*REQUIRED WORK*: Check every line of the entries for the string "with" and return the ones that contain it.
** Opening DATASET EXCERPTS block **
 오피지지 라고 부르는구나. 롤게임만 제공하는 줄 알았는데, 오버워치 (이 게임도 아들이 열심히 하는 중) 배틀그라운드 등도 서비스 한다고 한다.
** Closing DATASET EXCERPTS block **
** Opening DATASET EXCERPTS block **
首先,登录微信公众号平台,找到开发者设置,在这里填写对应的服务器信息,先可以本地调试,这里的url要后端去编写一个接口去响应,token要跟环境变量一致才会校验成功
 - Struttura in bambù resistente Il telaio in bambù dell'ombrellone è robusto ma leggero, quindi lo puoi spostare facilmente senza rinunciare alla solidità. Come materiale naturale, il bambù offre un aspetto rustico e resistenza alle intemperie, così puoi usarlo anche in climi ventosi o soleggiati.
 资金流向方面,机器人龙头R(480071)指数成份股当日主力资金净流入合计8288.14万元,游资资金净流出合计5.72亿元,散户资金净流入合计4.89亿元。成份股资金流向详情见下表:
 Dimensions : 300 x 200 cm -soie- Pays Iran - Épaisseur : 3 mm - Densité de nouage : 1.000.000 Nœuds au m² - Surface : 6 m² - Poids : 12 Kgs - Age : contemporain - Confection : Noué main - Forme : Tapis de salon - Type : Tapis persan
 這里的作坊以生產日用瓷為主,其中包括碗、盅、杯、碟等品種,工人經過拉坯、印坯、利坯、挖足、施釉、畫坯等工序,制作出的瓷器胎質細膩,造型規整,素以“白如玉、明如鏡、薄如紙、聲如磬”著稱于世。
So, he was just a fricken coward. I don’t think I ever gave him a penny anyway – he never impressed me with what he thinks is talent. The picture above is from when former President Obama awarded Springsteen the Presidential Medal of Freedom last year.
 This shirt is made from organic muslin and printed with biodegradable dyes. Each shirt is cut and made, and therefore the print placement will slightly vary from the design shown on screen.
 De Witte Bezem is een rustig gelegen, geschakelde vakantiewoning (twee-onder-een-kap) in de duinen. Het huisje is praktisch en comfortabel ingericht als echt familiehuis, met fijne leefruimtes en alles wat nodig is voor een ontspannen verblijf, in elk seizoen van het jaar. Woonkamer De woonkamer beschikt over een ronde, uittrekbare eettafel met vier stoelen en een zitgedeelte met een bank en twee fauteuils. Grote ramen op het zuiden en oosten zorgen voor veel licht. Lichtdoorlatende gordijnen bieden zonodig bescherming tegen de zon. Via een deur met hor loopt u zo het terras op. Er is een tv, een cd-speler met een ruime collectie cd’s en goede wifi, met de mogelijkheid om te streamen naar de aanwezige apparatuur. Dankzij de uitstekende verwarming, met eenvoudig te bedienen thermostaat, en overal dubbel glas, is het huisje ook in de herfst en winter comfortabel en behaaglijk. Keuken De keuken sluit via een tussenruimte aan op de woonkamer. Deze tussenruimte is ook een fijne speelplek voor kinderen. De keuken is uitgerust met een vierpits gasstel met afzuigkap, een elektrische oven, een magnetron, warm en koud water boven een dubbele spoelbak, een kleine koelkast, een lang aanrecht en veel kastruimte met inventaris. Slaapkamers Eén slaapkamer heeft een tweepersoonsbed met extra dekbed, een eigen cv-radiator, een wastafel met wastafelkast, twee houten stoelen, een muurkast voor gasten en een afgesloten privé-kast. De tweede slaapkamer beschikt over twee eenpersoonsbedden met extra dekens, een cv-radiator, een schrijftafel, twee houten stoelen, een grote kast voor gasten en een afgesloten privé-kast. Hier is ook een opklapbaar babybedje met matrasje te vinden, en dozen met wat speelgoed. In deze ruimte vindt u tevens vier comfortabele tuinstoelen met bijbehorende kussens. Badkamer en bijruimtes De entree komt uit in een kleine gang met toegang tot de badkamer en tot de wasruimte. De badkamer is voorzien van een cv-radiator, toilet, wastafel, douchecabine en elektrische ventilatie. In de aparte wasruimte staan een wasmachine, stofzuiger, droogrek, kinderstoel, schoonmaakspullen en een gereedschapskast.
** Closing DATASET EXCERPTS block **
*SOLUTION TO THIS EXERCISE*:
So, he was just a fricken coward. I don’t think I ever gave him a penny anyway – he never impressed me with what he thinks is talent. The picture above is from when former President Obama awarded Springsteen the Presidential Medal of Freedom last year.
 This shirt is made from organic muslin and printed with biodegradable dyes. Each shirt is cut and made, and therefore the print placement will slightly vary from the design shown on screen.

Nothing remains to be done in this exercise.